In February the Detroit Free Press Published an article describing the results of a recently published survey of residential housing in Detroit. The survey was completed by researchers who drove all the streets and completed windshield surveys on the condition of single family residential housing. Quoting from the Detroit Free Press Article (http://www.freep.com/article/20100220/BUSINESS04/2200371/1318/Survey-finds-third-of-Detroit-lots-vacant) “A little more than 35% of the city's 343,849 residential parcels are either vacant lots or abandoned shells of buildings. … But the survey also found surprisingly upbeat results in Detroit's most vital districts. The survey found that more than 90% of the city's occupied residential units are in good or fair condition”
The article goes on to discuss the value of this parcel-by-parcel data “In a world where investment decisions and government aid are driven by hard data, the survey offers an unblinking, parcel-by-parcel look of Detroit's condition. Kurt Metzger, a demographer and director of the nonprofit agency Data Driven Detroit, which helped manage the survey, said the parcel data eventually could be merged with other databases -- foreclosures, health and educational statistics, crime patterns -- to allow the most precise imaging ever of a city and its challenges.”
These results are intriguing for Detroit and the parcel-by-parcel information is exactly what was called for in the Land Parcel Data for the Mortgage Crisis (add link to report) report from the May 2009 stakeholders meeting in Washington DC. But beyond the findings that parcel data are valuable to decision makers and an important part of the strategic planning for recovery, these results also raise an interesting question about why was a drive by inventory needed to get this information? The Detroit Free Press Article states “And, in the future, the agency hopes to add advanced mapping software and other tools to its Web site to make the survey results more accessible and useful.” Isn’t this exactly the type of service local government should be providing?
If local governments have automated parcel data linked to assessment rolls, why couldn’t the vacancy and housing conditions be assembled from the accurate and certified assessment data? Why couldn’t this information as well as commercial and industrial property as well as multiple family housing be pulled from assessment files and tied to parcel maps? Given the importance of these findings and the continued property value and mortgage issues facing local economies shouldn’t this data be available everywhere there is parcel mapping?

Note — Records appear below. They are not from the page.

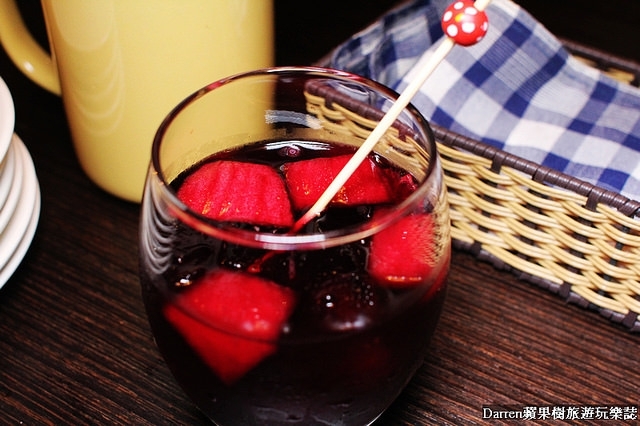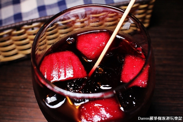 特調桑格利亞酒Sangria是使用紅酒、水果切片、糖漿、蘇打水調製,酸甜不澀酒味不重果香誘人好喝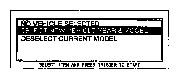 3. Move the cursor to SELECT NEW VEHICLE YEAR & MODEL. Press the trigger key to enter this selection.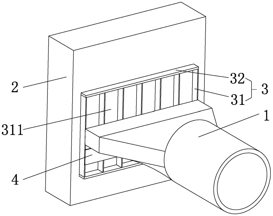 7.根据权利要求4所述的一种玻璃熔窑池壁绑砖保护结构,其特征在于,所述疏风装置(3)还包括斜挡板(34),所述斜挡板(34)位于每个导风槽(311)内且呈倾斜设置,所述斜挡板(34)的一端抵接在冷却风嘴(1)的出气端上侧,所述斜挡板(34)的另一端设置在导风槽(311)上端的玻璃熔窑池外壁(2)上。
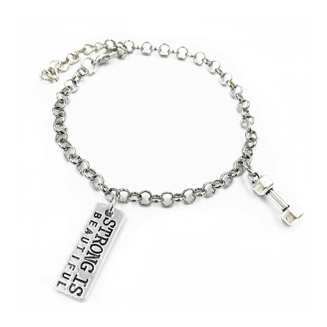 Tingelo Mode & Accessoarer Smycken & förvaring Smycken Kedjearmband / armband dam – motivation träning – justerbar längd, text Strong is Beautiful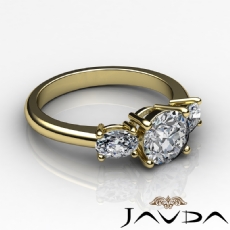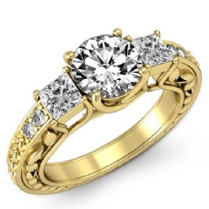 Trillion Accent 3 Stone Round diamond engagement Ring in 18k Gold Yellow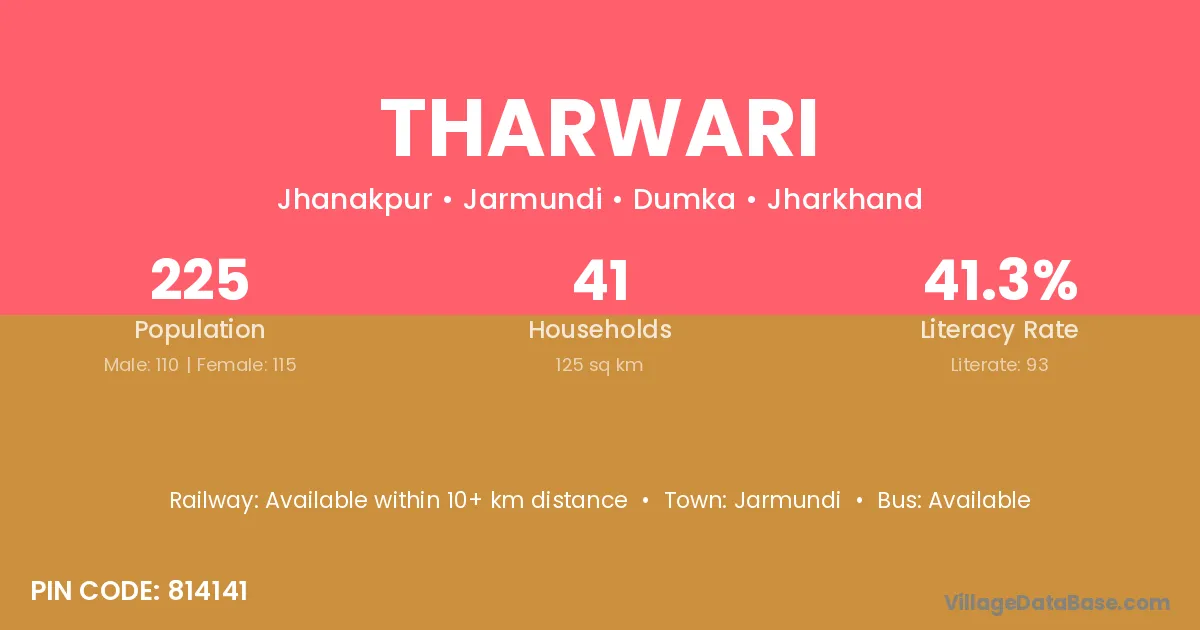 Tharwari village has a total population of 225 people, of which 110 are males and 115 are females.

The other interesting aspect of the results of this survey was that the findings published on the web were generalized to the block level to prevent criminals from targeting vacant houses. But if Google and Microsoft, to name two, are providing street level views of these areas, and criminals can search the web and find this study and determine the block level data, couldn’t they also pull up the street view and look or maybe even just drive by themselves, after all the search radius has been reduced? It is certainly a concern that vacant housing attracts a criminal element but isn’t there an accountability and transparency issue in publishing the locations of the vacant structures? Isn’t this a way for citizens to hold their elected officials accountable? Doesn’t tracking changes in vacant structures (rehab or gentrification of vacant structures), improving vacant lots and tracking condemnation and demolition actions create a visible measureable for public policies?
The enthusiasm and interest expressed by public officials to the results of this survey seem to indicate that providing a web service or even a mobile service on vacancy, condition and tax use classification from an authoritative source that can also show trends and be combined with other parcel based authoritative data like tax delinquency and assessed value is something we all should be considering for our parcel data. It’s one more way GIS and parcel data can be part of the game and part of the discussion.